I explained how I go about dating. That I have a rigorous checklist. If you fit the profile of someone I can love, I decide that dating is a viable option. That for me, it’s just a matter of when not if. That I understood that most people don’t think that way because it’s a bit calculating, possibly cold. But that reasoning is why I wish he would have just told me when he first started having misgiving so we could have tackled the issue. Because I don’t have doubts in my feelings. That “I am dumb- some relationship stuff flies over my head- but I am honest”.
Something about these revelations surprised him, but I am not really sure what. He responce: “I made a mistake” “I should have just talked to you.”
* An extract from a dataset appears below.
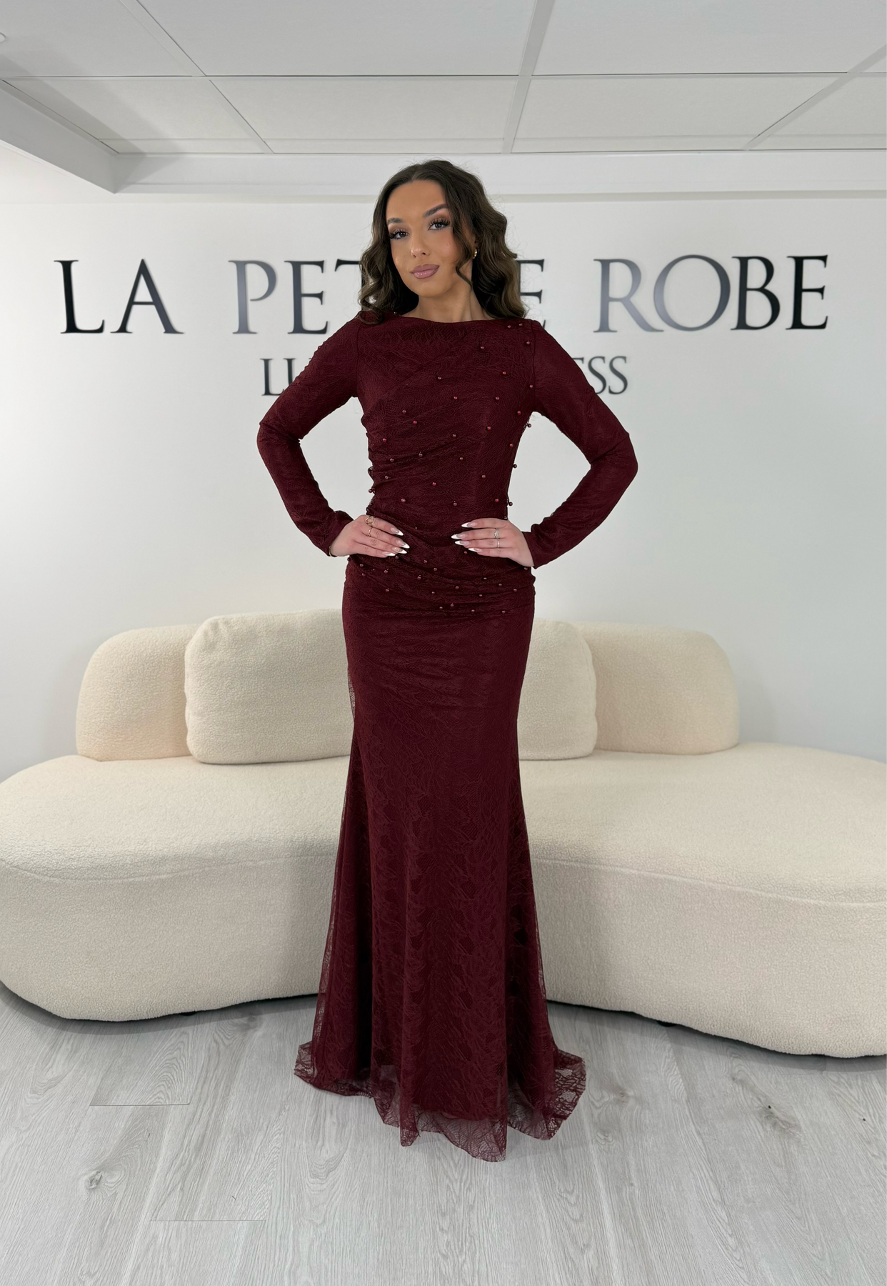 Indeed, this burgundy maxi dress It is distinguished by its delicate embroidery and beading. Furthermore, these details add texture and a touch of light. Next, the Round neck, slightly high It offers an elegant and structured look. Furthermore, the long sleeves enhance its chic and flattering appearance. This burgundy dress is therefore ideal for a wedding, reception, or formal evening event. Moreover, its fitted cut subtly accentuates the figure.

We agreed that we were on different emotional timelines. That perhaps the weird timing of dating during a pandemic and subsequent lockdown affected our relationship in a unique way. That it may have thrown a wrench in the pacing Just two people trying not to cry, in an outdoor city cafe, surrounded by pouring rain.
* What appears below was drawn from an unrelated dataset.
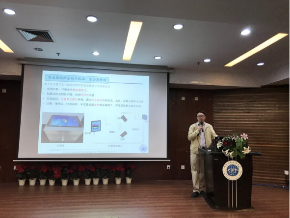 微流控技术(Microfluidics)是一门利用尺寸为几微米到几百微米的微通道网络对液体实现流动控制、能量交换和反应操纵的新兴技术。它将医学分析、生物、化学反应中的样品处理、分离、富集、筛选、检测等过程集成在一块几平方厘米的芯片上。特别是新冠疫情以来,医药行业对生物检测的时效性、精准度提出了更高的要求,而相比于传统检测技术,微流控芯片可大大缩短检测时间,简化检测步骤,且易于携带和自动化控制。李顺波教授详细地介绍了微流控芯片的概念、原理、设计、制备及其团队基于不同的微流控芯片研制的生化检测仪器在生物检测、环境监测等方面的应用,如:研制的细菌检测仪利用微流控芯片富集技术可大大提高检测的灵敏度,降低检测限;利用量子点微流控阵列成功解决了重金属离子特异性检测的难题,能够准确的判别重金属离子的种类和浓度,检测限可达0.001mg/L,响应时间在10s以内。
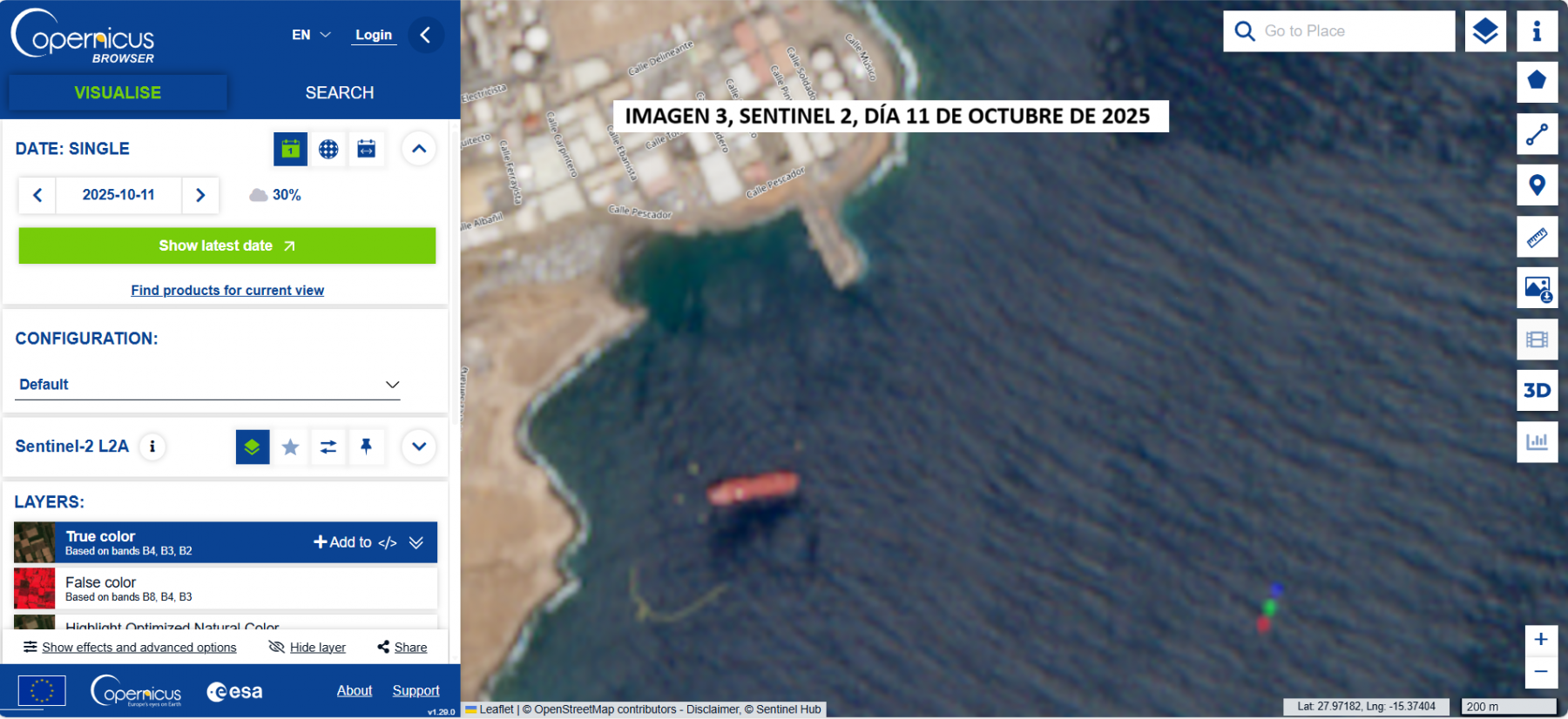 El 11 de octubre ya no se aprecia mancha alguna y hay otro pequeño petrolero con la barrera anti polución situada al suroeste del barco (IMAGEN 3).

Okay, I am not going to leave it on that dour note. We managed to bring it around towards the end. We officially concluded the conversation after checking that everyone said what they had wanted. He mentioned that I could still call him to talk about it, if there was something else I forgot to say. He offered me his coat several times, which I refused every time. (Because I would rather freeze than rely on him to keep me warm). However, he did eventually convince me to switch seats and sit next to the outdoor heater. He was nice enough to sparingly mention how much my teeth were chattering. It was a long 4 hours…
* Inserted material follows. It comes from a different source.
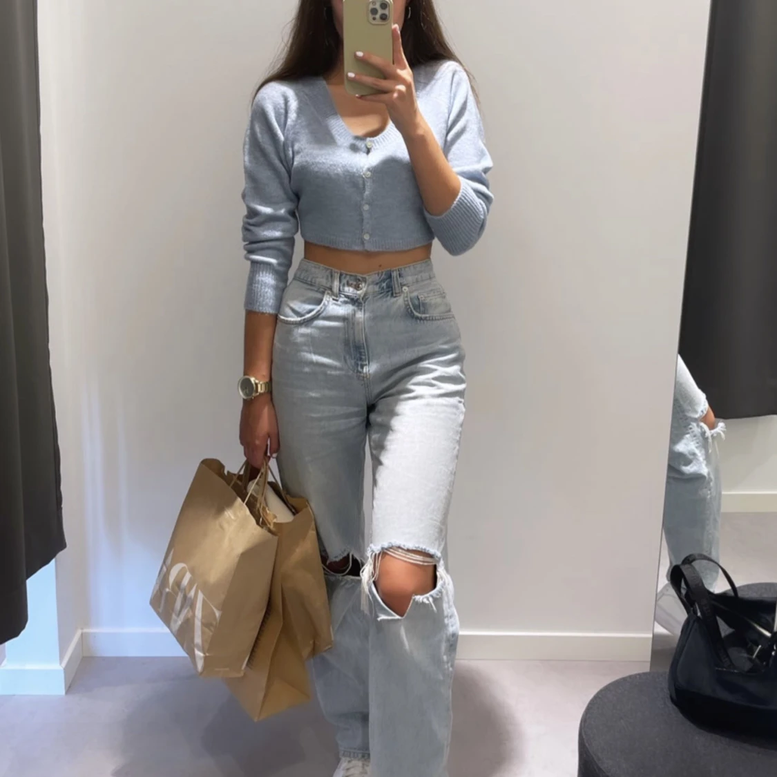 Säljer denna supersöta stickade toppen från mango. Den är använd endast en gång då på bilden 🤍

I told him that I was willing to look past his absolutely abysmal breakup, blight it from my memory, and be his friend because everyone gets a case of the stupid from time to time. Because he had been exemplary up until then. That we could be friends but he would have to respect my “personal space” and my physical boundaries. He said he understood and he could do that.
We chatted like normal people for about another half an hour until the server came by and made another suggestion that I possibly “get a to-go bag for my food”. I finally agreed and he took the time to ask for the check. We were there quite a while but I’m sure he tipped well and no one else wanted to sit outside in the cold rain, under their covid safety tent but us.
I walked him to the bus so he wouldn’t get lost. I didn’t wait around because I was freezing. Because I felt very exposed and raw and I wanted to just be home. So I excused myself and he said he’d let me know when he got home.
But then I got home, and there was just a pile of my crap on my floor. He had brought over a bag with all (mostly all) of my overnight stuff. I had taken the bag upstairs, emptied it haphazardly all over my floor, before going back downstairs and heading off to the conversation cafe. Most of it is still there. There’s a package with the last part of my birthday gift. I still haven’t opened it because I can’t right now.
So that’s where I am. Just full of emotions, yet empty.